__Task goal__
This exercise calls for retyping every line below exactly, with the images omitted.

__Raw data__
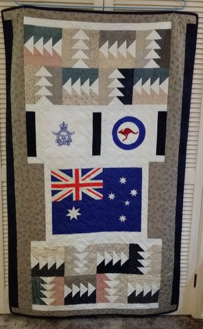 Blocks by Norma and put together by Bridget…., embroidery by Jenny W and applique by Jan-Maree
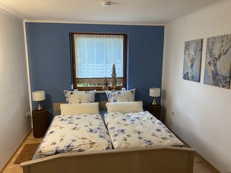 Doppelbett 1,60 x 2,00m, Kommode, Spiegel, Leselampe am Bett, Fliegengitter
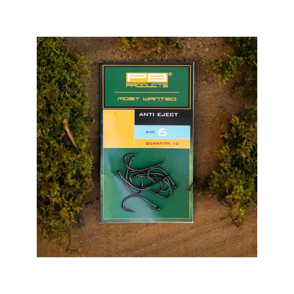 PB Products Anti Eject DBF vel. 6 je univerzální kaprařský háček navržený proti vyhazování nástrahy. Rovný ostrý hrot, kratší ramínko a drápovitý tvar zajišťují rychlé a bezpečné zaseknutí i velmi opatrných kaprů.
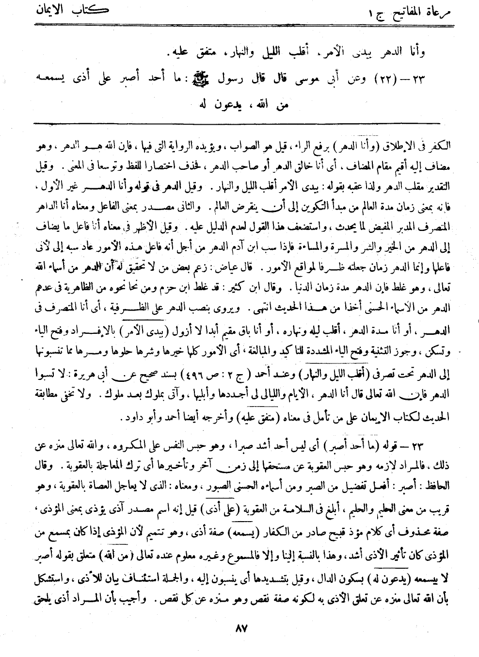 الكفر في الإطلاق (وأنا الدهر) برفع الراء، قيل: هو الصواب، ويؤيده الرواية التي فيها: ((فإن الله هو الدهر)) ، وهو مضاف إليه أقيم مقام المضاف، أي أنا خالق الدهر أو صاحب الدهر، فحذف اختصاراً للفظ وتوسعاً في المعنى، وقيل: التقدير مقلب الدهر ولذا عقبه بقوله: بيدي الأمر أقلب الليل والنهار، وقيل: الدهر في قوله (وأنا الدهر) غير الأول، فإنه بمعنى زمان مدة العالم من مبدأ التكوين إلى أن ينقرض العالم، والثاني مصدر بمعنى الفاعل ومعناه أنا الداهر المتصرف المدبر المفيض لما يحدث، واستضعف هذا القول لعدم الدليل عليه، وقيل: الأظهر في معناه أنا فاعل ما يضاف إلى الدهر من الخير والشر والمسرة والمساءة، فإذا سب ابن آدم الدهر من أجل أنه فاعل هذه الأمور عاد سبه إليّ؛ لأني فاعلها وإنما الدهر زمان جعلته ظرفاً لمواقع الأمور. قال عياض: زعم بعض من لا تحقيق له أن الدهر من أسماء الله تعالى، وهو غلط، فإن الدهر مدة زمان الدنيا، وقال ابن كثير: قد غلط ابن حزم ومن نحا نحوه من الظاهرية في عدهم الدهر من الأسماء الحسنى أخذاً من هذا الحديث – انتهى. ويروى بنصب الدهر على الظرفية، أي أنا المتصرف في الدهر، أو أنا مدة الدهر، أقلب ليله ونهاره، أو أنا باقٍ مقيم أبداً لا أزول (بيدي الأمر) بالإفراد وفتح الياء وتسكن، وجوز التثنية وفتح الياء المشددة للتأكيد والمبالغة، أي الأمور كلها خيرها وشرها حلوها ومرها مما تنسبونها إلى الدهر تحت تصرفي (أقلب الليل والنهار) ، وعند أحمد (ج2: ص496) بسند صحيح عن أبي هريرة: ((لا تسبوا الدهر فإن الله تعالى قال: أنا الدهر، الأيام والليالي لي أجددها وأبليها، وآتي بملوك بعد ملوك)) ، ولا تخفى مطابقة الحديث لكتاب الإيمان على من تأمل في معناه. (متفق عليه) وأخرجه أيضاً أحمد وأبوداود.

__Result for this exercise__
 Blocks by Norma and put together by Bridget…., embroidery by Jenny W and applique by Jan-Maree
 Doppelbett 1,60 x 2,00m, Kommode, Spiegel, Leselampe am Bett, Fliegengitter
 PB Products Anti Eject DBF vel. 6 je univerzální kaprařský háček navržený proti vyhazování nástrahy. Rovný ostrý hrot, kratší ramínko a drápovitý tvar zajišťují rychlé a bezpečné zaseknutí i velmi opatrných kaprů.
 الكفر في الإطلاق (وأنا الدهر) برفع الراء، قيل: هو الصواب، ويؤيده الرواية التي فيها: ((فإن الله هو الدهر)) ، وهو مضاف إليه أقيم مقام المضاف، أي أنا خالق الدهر أو صاحب الدهر، فحذف اختصاراً للفظ وتوسعاً في المعنى، وقيل: التقدير مقلب الدهر ولذا عقبه بقوله: بيدي الأمر أقلب الليل والنهار، وقيل: الدهر في قوله (وأنا الدهر) غير الأول، فإنه بمعنى زمان مدة العالم من مبدأ التكوين إلى أن ينقرض العالم، والثاني مصدر بمعنى الفاعل ومعناه أنا الداهر المتصرف المدبر المفيض لما يحدث، واستضعف هذا القول لعدم الدليل عليه، وقيل: الأظهر في معناه أنا فاعل ما يضاف إلى الدهر من الخير والشر والمسرة والمساءة، فإذا سب ابن آدم الدهر من أجل أنه فاعل هذه الأمور عاد سبه إليّ؛ لأني فاعلها وإنما الدهر زمان جعلته ظرفاً لمواقع الأمور. قال عياض: زعم بعض من لا تحقيق له أن الدهر من أسماء الله تعالى، وهو غلط، فإن الدهر مدة زمان الدنيا، وقال ابن كثير: قد غلط ابن حزم ومن نحا نحوه من الظاهرية في عدهم الدهر من الأسماء الحسنى أخذاً من هذا الحديث – انتهى. ويروى بنصب الدهر على الظرفية، أي أنا المتصرف في الدهر، أو أنا مدة الدهر، أقلب ليله ونهاره، أو أنا باقٍ مقيم أبداً لا أزول (بيدي الأمر) بالإفراد وفتح الياء وتسكن، وجوز التثنية وفتح الياء المشددة للتأكيد والمبالغة، أي الأمور كلها خيرها وشرها حلوها ومرها مما تنسبونها إلى الدهر تحت تصرفي (أقلب الليل والنهار) ، وعند أحمد (ج2: ص496) بسند صحيح عن أبي هريرة: ((لا تسبوا الدهر فإن الله تعالى قال: أنا الدهر، الأيام والليالي لي أجددها وأبليها، وآتي بملوك بعد ملوك)) ، ولا تخفى مطابقة الحديث لكتاب الإيمان على من تأمل في معناه. (متفق عليه) وأخرجه أيضاً أحمد وأبوداود.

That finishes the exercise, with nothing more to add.